#36

485 17 1
                                    


Nina

- Ty mały skurwielu, czego chcesz? - trzepnęłam Logana w głowę na przywitanie, kiedy przyszłam na trybuny naszego szkolnego boiska z samego rana w poniedziałek. Ten dupek zadzwonił do mnie tuż po szóstej rano, aby oświadczyć mi, że MUSOWO muszę pojawić się przed lekcjami na szkolnym boisku, aby obgadać to. Oczywiście siedziała już tutaj cała nasza zgraja, wyłączając Margret, bo podobno na nią jeszcze za wcześnie. Był nawet Alex, choć i tak byłam więcej niż pewna, że nie weźmie udziału w akcji wymyślonej przez Loga. Był tu tylko ze względu na mnie, jak zawsze twierdził, choć tak na prawdę, zawsze chciał wiedzieć, w czym rzecz, aby później móc robić za naszego adwokata przed dyrektorem. Tym razem na pewno też tak było, choć nie wiedziałam jeszcze, o co chodziło.

- Grzeczniej proszę do Pana Prezesa - oh, zapomniałam, że to on tutaj rządzi. - Siadaj i słuchaj.

Wywróciłam oczami, ale posłusznie usiadłam na miejscu obok Mii. Log oparł się wygodniej na krzesełku i poprawił swoje włosy niczym pieprzony Alvaro.

- Moja propozycja nadal aktualna - zaczął blondyn, na co spojrzałam na niego. Oczywiście ta wypowiedź była skierowana do mnie. Wszyscy wokół na pewno byli już o wszystkim poinformowani i wyrazili zgodę. Cóż, ja też już wiedziałam, o co chodziło.

- A ja nie chcę o tym rozmawiać - odparłam twardo.

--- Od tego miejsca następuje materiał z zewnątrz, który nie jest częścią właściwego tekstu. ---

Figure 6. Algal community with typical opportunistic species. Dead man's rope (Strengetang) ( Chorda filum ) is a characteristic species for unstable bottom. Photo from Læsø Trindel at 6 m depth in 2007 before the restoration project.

- Nins, nie wymyślaj - Log wsadził między zęby niezapalonego papierosa i zaczął się nim bawić. - Żaden klecha nie był dla Ciebie problemem, a ten cały Charlie nagle jest. Jeden kawał i po strachu. Ni, to jak? - uniósł brew, lecz ja nadal milczałam. Przejechałam wzrokiem po wszystkich tutaj zebranych. Każdego poznałam tutaj, w tym liceum, każdy mnie znał i wiedział, jaka jestem, lecz tylko Alex znał powód mojego wahania. Logan od soboty męczył mnie dzisiejszym dniem. Mówił to samo, co teraz. Jeden kawał i po sprawie. Ale co jeśli Charlie nas przyłapie? Co jeśli mnie przyłapie? - Al, powiedz jej coś, bo mnie zaraz chuj strzeli - Log zwrócił się do mojego przyjaciela.

Ah, czyli teraz będzie grał na moich uczuciach? Nie doczekanie twoje, blondasku.

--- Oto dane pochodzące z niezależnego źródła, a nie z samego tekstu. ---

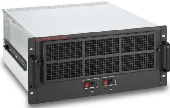
Trenton TRC5001 Rackmount System Shown with a two-segment backplane and two SBCs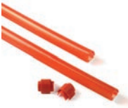
XBA13 Rubber impact protection strip. Length 3.3 ft.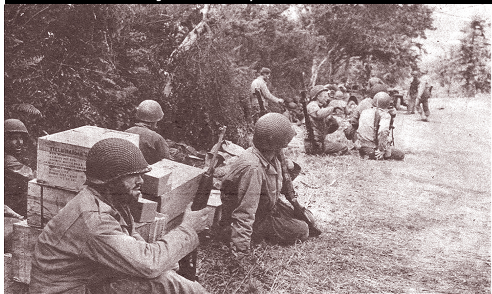
American infantrymen, unshaven but alert, rest with their supplies along the roadway in a combat zone

W ITH THE 2D ARMORED DIVISION IN FRANCE [By Cable]—It was the morning of the beginning of the biggest drive since the Allies had invaded the shores of Normandy. The immediate objective of Combat Command A was to advance and capture certain key heights. Nobody dreamed our tanks would be sweeping across Brittany and through the streets of Brest 10 days later.

- Um - Alex jak zawsze w takich sytuacjach nie wiedział, co powiedzieć. Patrzył na mnie i dobrze wiedziałam, co chce mi tym przekazać. Mam się w to nie bawić, bo stracę w oczach Charliego. Znał powód mojego zachowania na lekcjach, wiedział, z kim byłam na weselu i po co pojechałam z Mag do Dickson. Wiedział i próbował dla mnie uratować tą sytuację. Tyle że nie mógł tego powiedzieć.

- No Al, nie bądź cipą - zakpił Logan, na co większość osób stłumiło swój śmiech. Nie był to za korzystny ruch, bo wytworzyła się między nami dziwna atmosfera, przez którą odechciało mi sie lubić te osoby.

- Logan, nie obrażaj go - rozkazałam stanowczo blondynowi. Ten zaś zmierzył mnie wzrokiem, który wróżył tylko wojnę.

- Co Ci się dzieje? Chodź z nami wieczorem na plebanię i będzie po kłopocie. Ty chyba znasz lepiej rozmieszczenie pomieszczeń - uniósł zadziornie brew, lecz to jego słowa mnie podburzyły, a nie gest. Wstałam z krzesełka i podeszłam do tego dupka.

- Daj mi w spokoju skończyć tą klasę - wycedziłam przez zęby. - Mało brakuje, a Alex nie będzie już dał rady nas wszystkich wyratować. - ominęłam Logana i wyszłam po schodkach na samą górę trybun, lecz kiedy miałam już zejść na trawnik, usłyszałam głos naszego wodza.

- Tu chyba nie chodzi o samą szkole, tylko o Charliego!

Nawet się nie odwróciłam w jego stronę, tylko od razu ruszyłam przed siebie. Dupek nie będzie mną rządził, nie będzie mówił mi, co mam robić. Już nie. Skończyło się, nie będę na każde jego zawołanie.